(Material for the task begins)

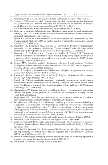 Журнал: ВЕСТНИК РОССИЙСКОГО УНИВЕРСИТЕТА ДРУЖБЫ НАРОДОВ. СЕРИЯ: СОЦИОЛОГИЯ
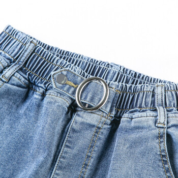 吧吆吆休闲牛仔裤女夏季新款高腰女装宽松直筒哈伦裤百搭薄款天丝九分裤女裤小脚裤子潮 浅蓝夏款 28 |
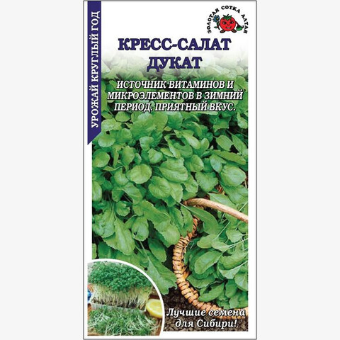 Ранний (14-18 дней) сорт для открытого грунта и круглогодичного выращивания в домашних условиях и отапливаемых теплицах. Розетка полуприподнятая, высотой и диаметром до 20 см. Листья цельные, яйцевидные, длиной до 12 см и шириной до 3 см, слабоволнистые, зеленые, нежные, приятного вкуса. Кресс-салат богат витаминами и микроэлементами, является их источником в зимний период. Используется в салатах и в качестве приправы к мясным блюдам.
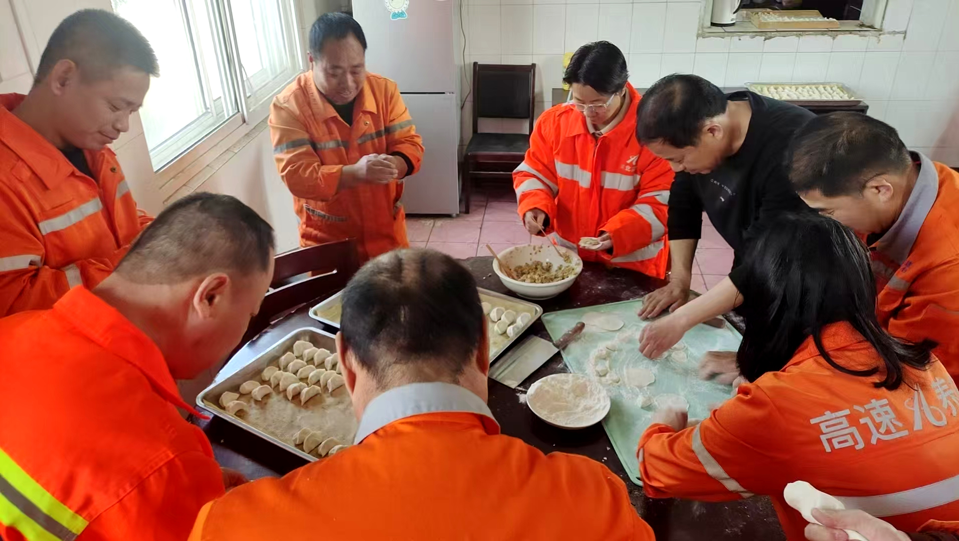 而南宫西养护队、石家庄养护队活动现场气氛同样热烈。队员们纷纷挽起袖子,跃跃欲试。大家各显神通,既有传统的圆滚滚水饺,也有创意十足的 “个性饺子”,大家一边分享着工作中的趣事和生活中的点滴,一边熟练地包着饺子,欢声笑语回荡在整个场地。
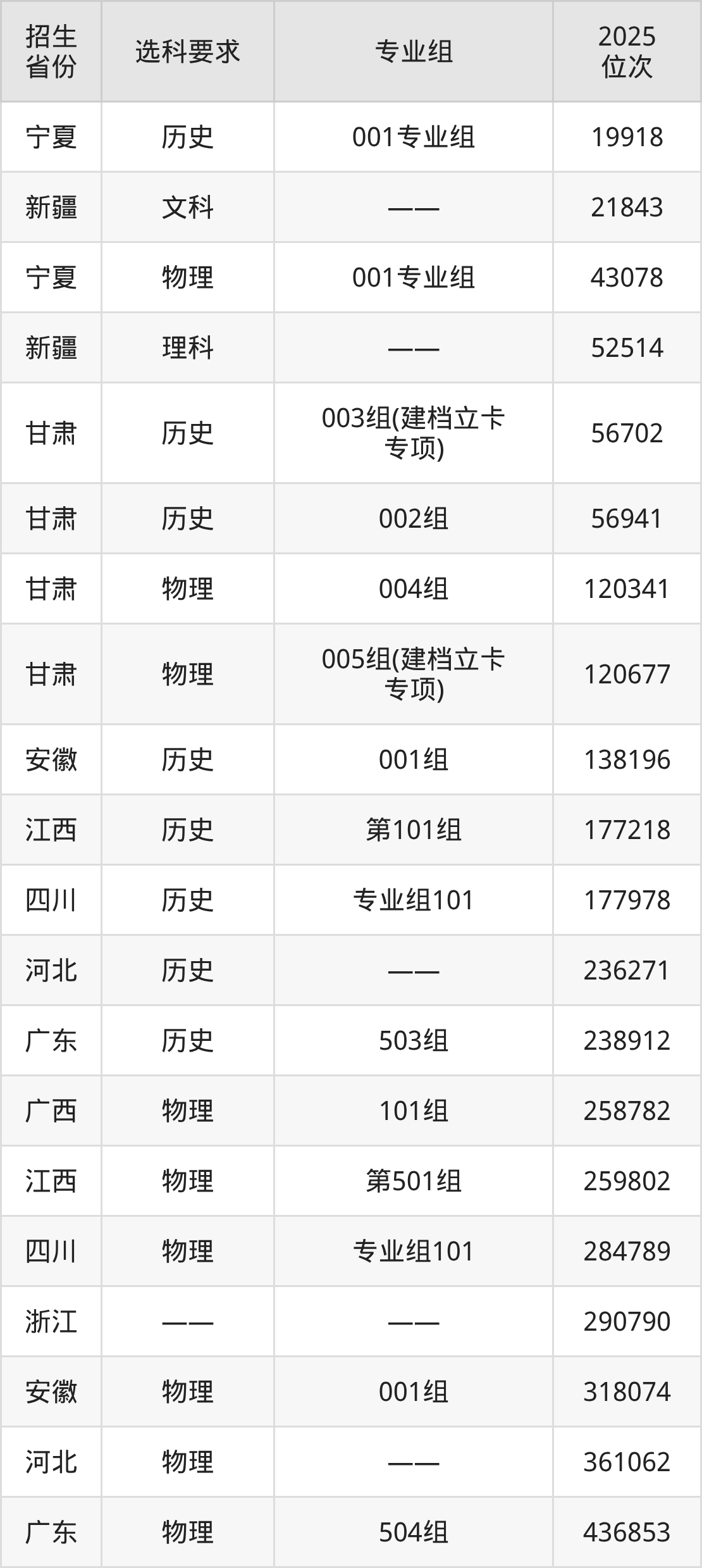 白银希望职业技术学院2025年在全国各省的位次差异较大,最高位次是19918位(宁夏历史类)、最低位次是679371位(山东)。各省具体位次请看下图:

(Material for the task ends)

* **Exercise objective**: Quote exactly, and nothing besides, the lines from the one with "而南宫西养护队、石家庄养护队" through the end of the records above; include both ends and omit the pictures.

* **Answer to this task**:
 而南宫西养护队、石家庄养护队活动现场气氛同样热烈。队员们纷纷挽起袖子,跃跃欲试。大家各显神通,既有传统的圆滚滚水饺,也有创意十足的 “个性饺子”,大家一边分享着工作中的趣事和生活中的点滴,一边熟练地包着饺子,欢声笑语回荡在整个场地。
 白银希望职业技术学院2025年在全国各省的位次差异较大,最高位次是19918位(宁夏历史类)、最低位次是679371位(山东)。各省具体位次请看下图:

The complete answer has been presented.